As well as tourists, Hong Kong is also struggling to attract and retain foreign residents and companies who have been exiting amid China’s tightening control. Beijing imposed a national security law on the region in 2020 that has been heavily criticised around the world and blamed for curbing democracy and free speech.
The territory has also suffered a blow from China’s economic slowdown, with fewer visitors from the mainland.
The bet on booze comes after Hong Kong successfully ditched wine duties in 2008 and established itself as an Asian wine trading hub.
The policy may also stem the flow of local residents travelling across the northern border to the Chinese city Shenzhen for dining out.
The attempt to encourage drinking comes as younger generations in rich countries increasingly turn their back on alcohol in favour of healthier lifestyles and amid squeezed finances.
In other measures to try to push growth, the government will also loosen mortgage rules to support the struggling real estate sector.

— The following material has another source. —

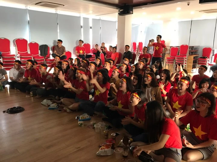Các nhân viên của Công ty sách MCBooks xem và cổ vũ cho đội bóng tại công ty.
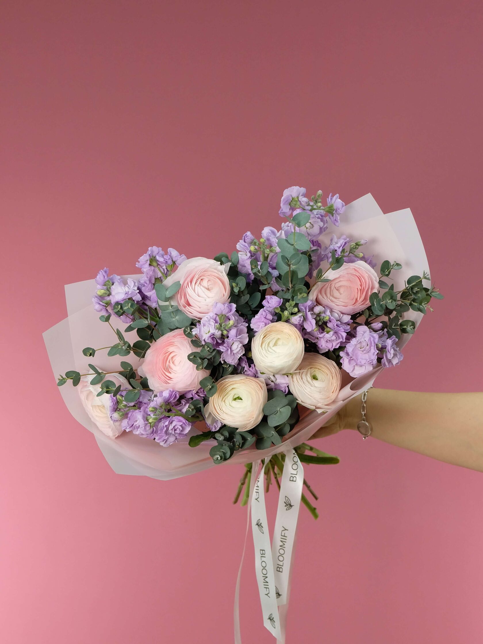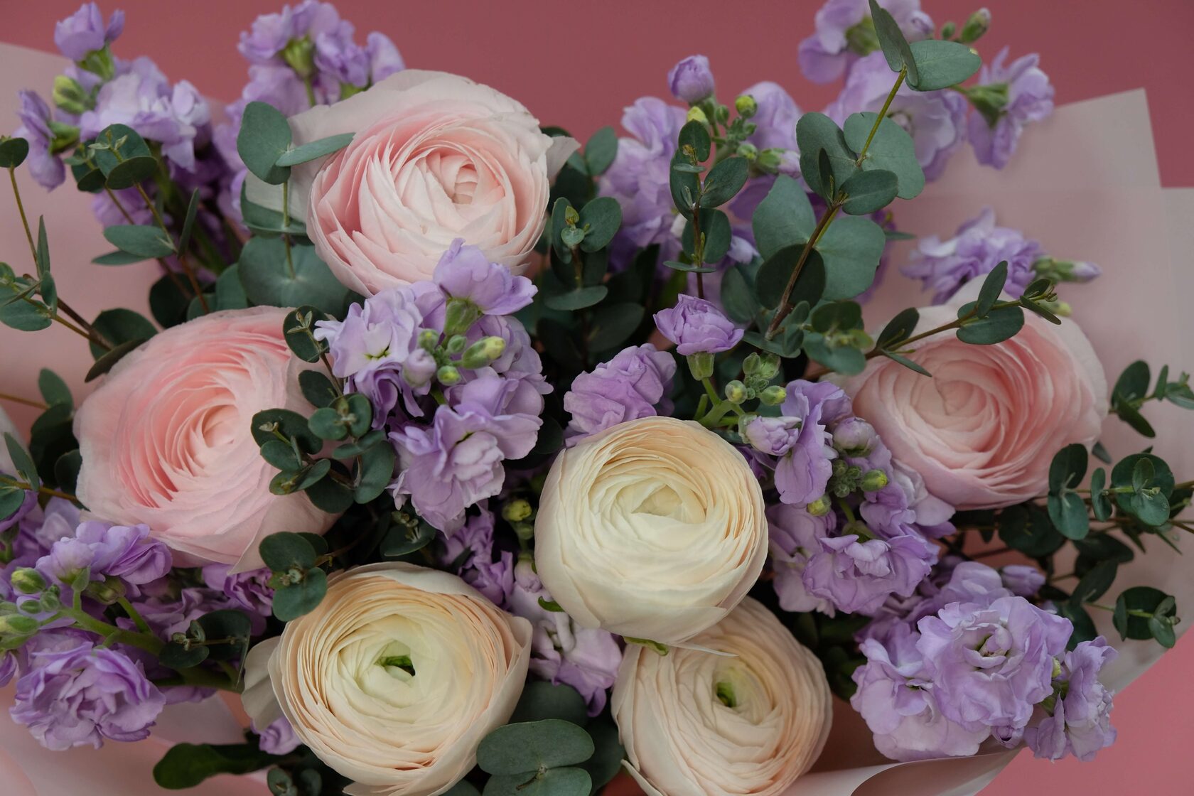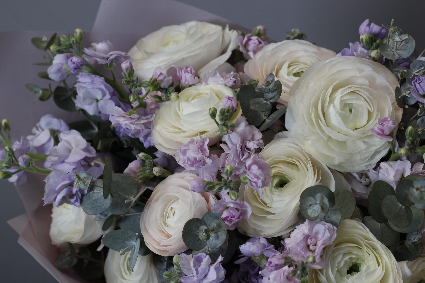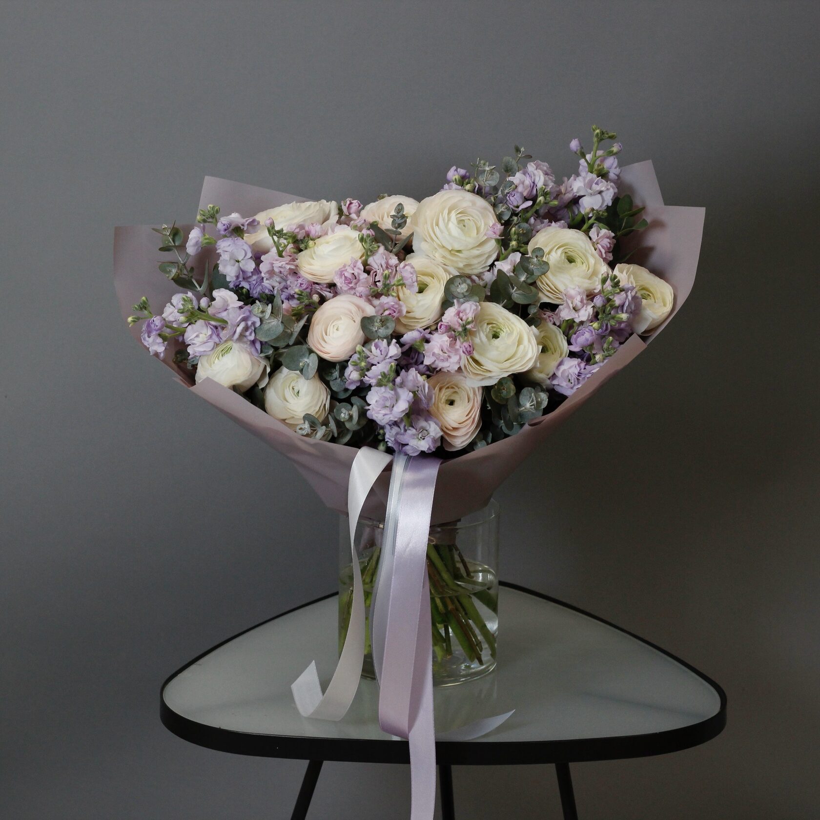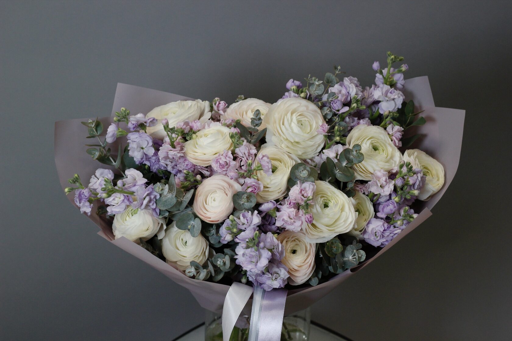 Комбо из невероятных всеми обожаемых ранункулюсов и ароматной маттиолы.

Hong Kong’s 100pc alcohol tax was one of the highest in the world. Research from Oxford Economics showed that Laos is one of the few countries with an even higher tax on spirits of 110pc. In mainland China, the rate is between 15 and 25pc.
Separate figures from the World Health Organisation show that taxes account for 89pc of the cost of a typical bottle of spirits in Norway, while in the UK it is typically 64pc.